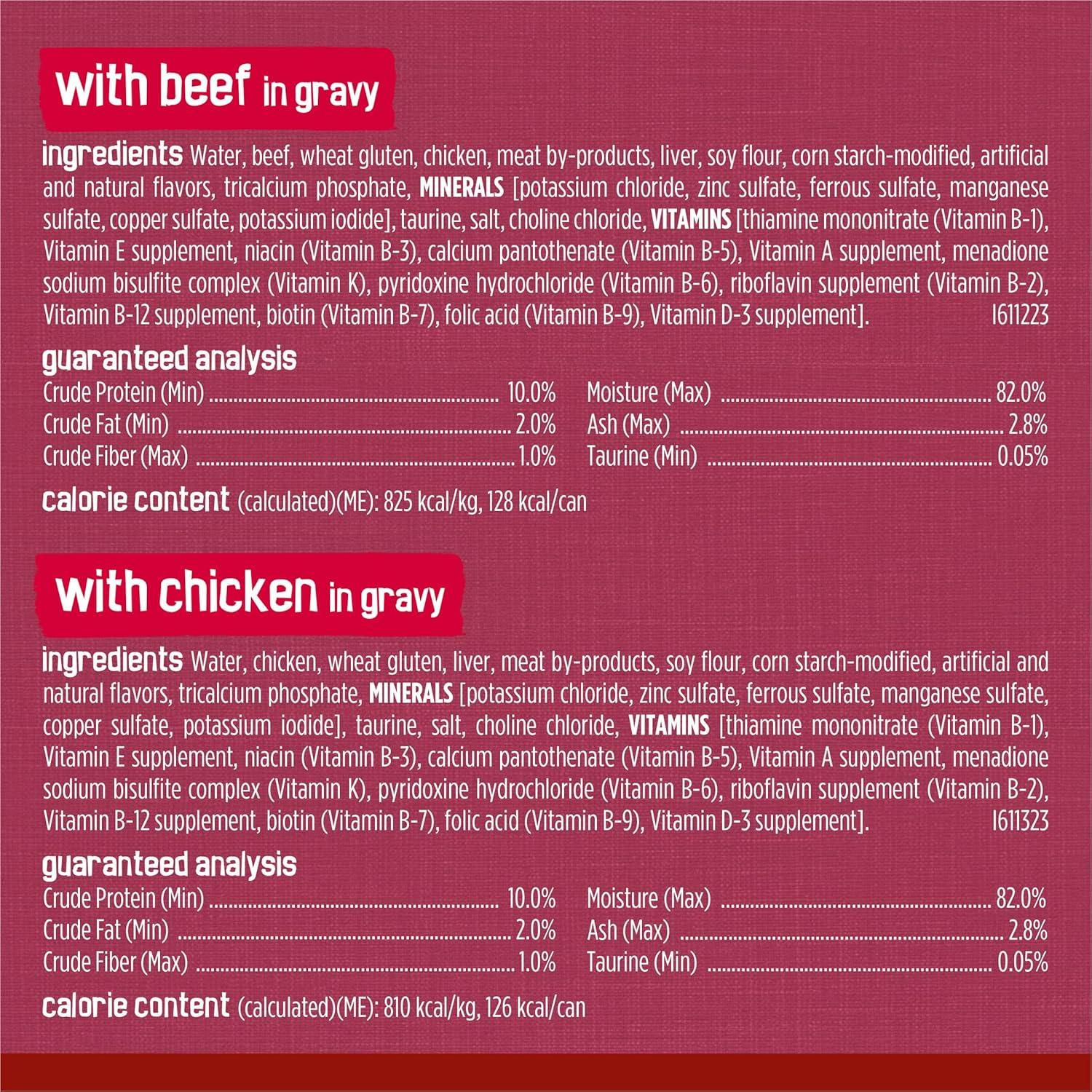 Real beef. chicken or turkey for the tastes cats love. Savory gravy adds moisture and flavor
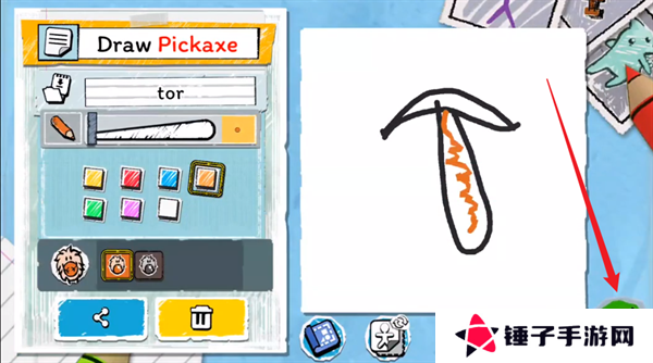 2、然后你需要在画板上面画出镐子的形状,并点击右下角的对勾。
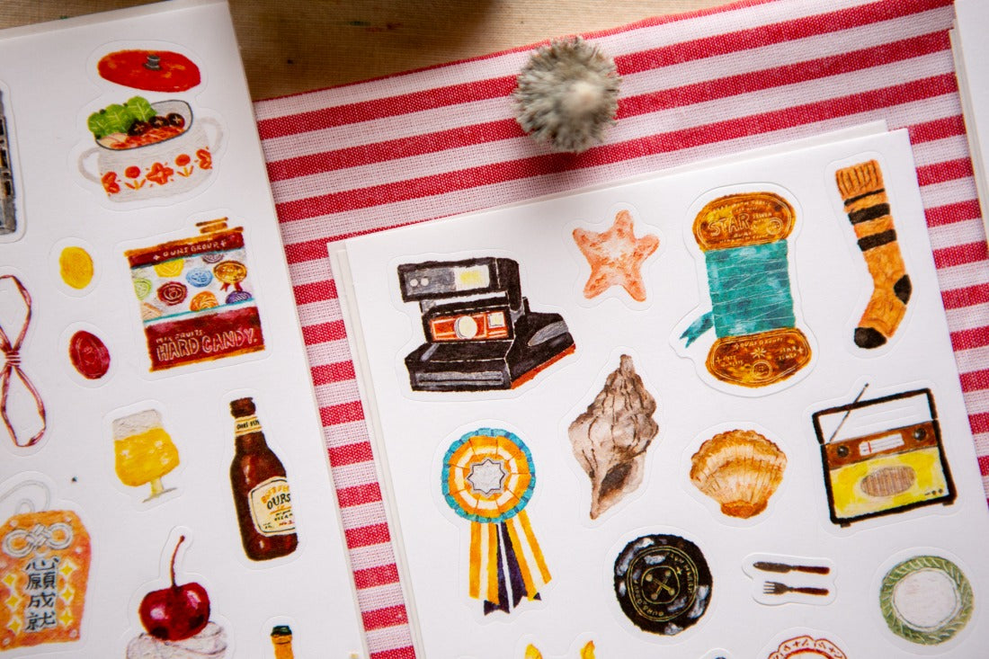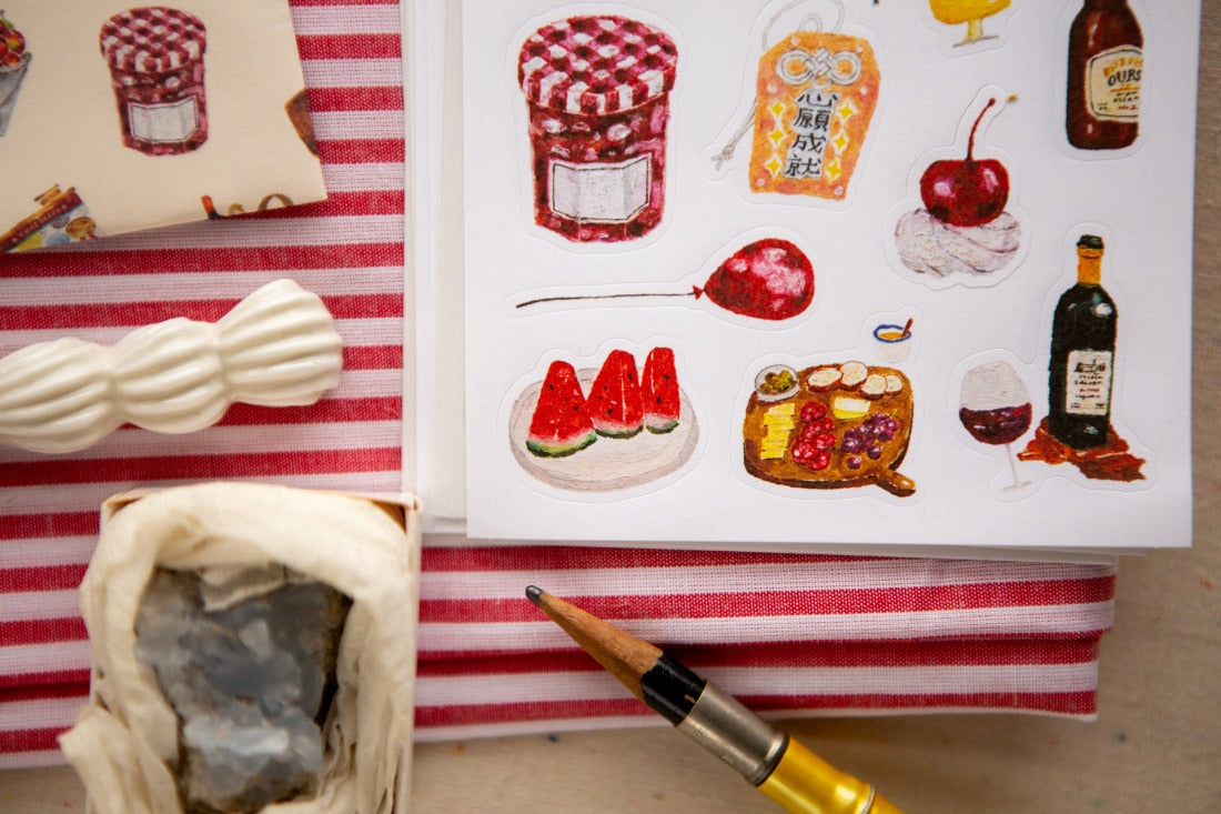 This sticker pack, designed by OURS, showcases charming illustrations inspired by life's delightful moments—a glass of wine, cheese platters, gift ribbons, and birthday cherries.
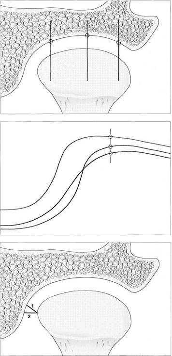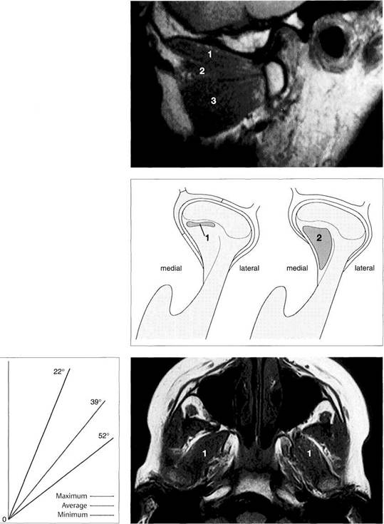 The temporal portion of the joint can be divided into four functional parts from posterior to anterior: postglenoidal process, glenoid fossa, articular protuberance, and apex of the eminence. The inclination of the protuberance to the occlusal plane varies with age and function (Kazanjian 1940), but is 90% determined at the age of 10 years (Nickel et al. 1988). Three fissures can be found at the transition to the tympanic plate of the temporal bone: the squamotym-panic, petrotympanic, and petrosquamous fissures (Fig. 28). In patients with disk displacement, these fissures are fre-
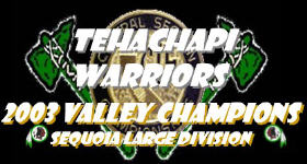 The 2003 Warriors are the Valley Champions of the Sequoia Division Large Schools.

## Work instruction
Using the entries above, transcribe every line from the line containing "2、然后你需要在画板上面画出镐子的形状,并点击右下角的对勾。" through the line containing "This sticker pack, designed". Do not copy pictures.

## Expected answer
 2、然后你需要在画板上面画出镐子的形状,并点击右下角的对勾。
 This sticker pack, designed by OURS, showcases charming illustrations inspired by life's delightful moments—a glass of wine, cheese platters, gift ribbons, and birthday cherries.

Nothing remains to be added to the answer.